THE INPUT
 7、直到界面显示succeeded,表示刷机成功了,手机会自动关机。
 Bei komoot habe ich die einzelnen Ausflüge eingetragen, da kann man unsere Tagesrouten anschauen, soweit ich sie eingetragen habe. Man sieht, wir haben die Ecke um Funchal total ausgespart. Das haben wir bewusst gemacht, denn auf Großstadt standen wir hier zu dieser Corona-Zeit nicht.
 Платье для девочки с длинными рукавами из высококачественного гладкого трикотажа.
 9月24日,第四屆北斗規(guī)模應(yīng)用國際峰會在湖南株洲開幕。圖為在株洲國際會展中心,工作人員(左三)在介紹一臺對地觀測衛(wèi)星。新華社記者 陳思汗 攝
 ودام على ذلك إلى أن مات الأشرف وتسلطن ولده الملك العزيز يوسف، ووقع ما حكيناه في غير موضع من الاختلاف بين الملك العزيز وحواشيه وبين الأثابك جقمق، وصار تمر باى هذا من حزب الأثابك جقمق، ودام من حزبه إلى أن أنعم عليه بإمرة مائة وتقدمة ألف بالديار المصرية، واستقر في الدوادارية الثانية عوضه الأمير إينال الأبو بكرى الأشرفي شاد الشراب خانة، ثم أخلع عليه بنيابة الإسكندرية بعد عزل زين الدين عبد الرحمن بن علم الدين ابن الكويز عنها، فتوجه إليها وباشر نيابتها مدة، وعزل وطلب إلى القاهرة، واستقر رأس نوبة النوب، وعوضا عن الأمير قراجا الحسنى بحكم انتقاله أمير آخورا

---

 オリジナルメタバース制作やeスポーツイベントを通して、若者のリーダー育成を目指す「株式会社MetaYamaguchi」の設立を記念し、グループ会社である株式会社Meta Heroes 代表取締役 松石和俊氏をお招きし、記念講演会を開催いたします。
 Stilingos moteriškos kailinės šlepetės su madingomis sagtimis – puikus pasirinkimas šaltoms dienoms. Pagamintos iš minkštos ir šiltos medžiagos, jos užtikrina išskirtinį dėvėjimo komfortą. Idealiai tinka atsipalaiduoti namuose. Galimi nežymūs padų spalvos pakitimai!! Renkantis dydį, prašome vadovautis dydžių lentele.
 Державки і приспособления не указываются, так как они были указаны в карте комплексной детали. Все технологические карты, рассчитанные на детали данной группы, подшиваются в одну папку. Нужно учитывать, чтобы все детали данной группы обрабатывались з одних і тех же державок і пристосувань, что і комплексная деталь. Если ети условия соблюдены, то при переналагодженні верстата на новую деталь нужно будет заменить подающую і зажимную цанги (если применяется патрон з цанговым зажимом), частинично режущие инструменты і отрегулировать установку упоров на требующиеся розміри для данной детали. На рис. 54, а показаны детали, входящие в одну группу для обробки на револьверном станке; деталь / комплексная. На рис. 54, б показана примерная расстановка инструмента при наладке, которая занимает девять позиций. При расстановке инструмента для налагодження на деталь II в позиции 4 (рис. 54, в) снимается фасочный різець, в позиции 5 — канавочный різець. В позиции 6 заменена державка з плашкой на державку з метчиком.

TASK INSTRUCTIONS
Starting at the line above that holds "7、直到界面显示succeeded,表示刷机成功了,手机会自动关机。" and ending at the line that holds "Bei komoot habe", transcribe each line exactly and include no other lines.

FINAL ANSWER
 7、直到界面显示succeeded,表示刷机成功了,手机会自动关机。
 Bei komoot habe ich die einzelnen Ausflüge eingetragen, da kann man unsere Tagesrouten anschauen, soweit ich sie eingetragen habe. Man sieht, wir haben die Ecke um Funchal total ausgespart. Das haben wir bewusst gemacht, denn auf Großstadt standen wir hier zu dieser Corona-Zeit nicht.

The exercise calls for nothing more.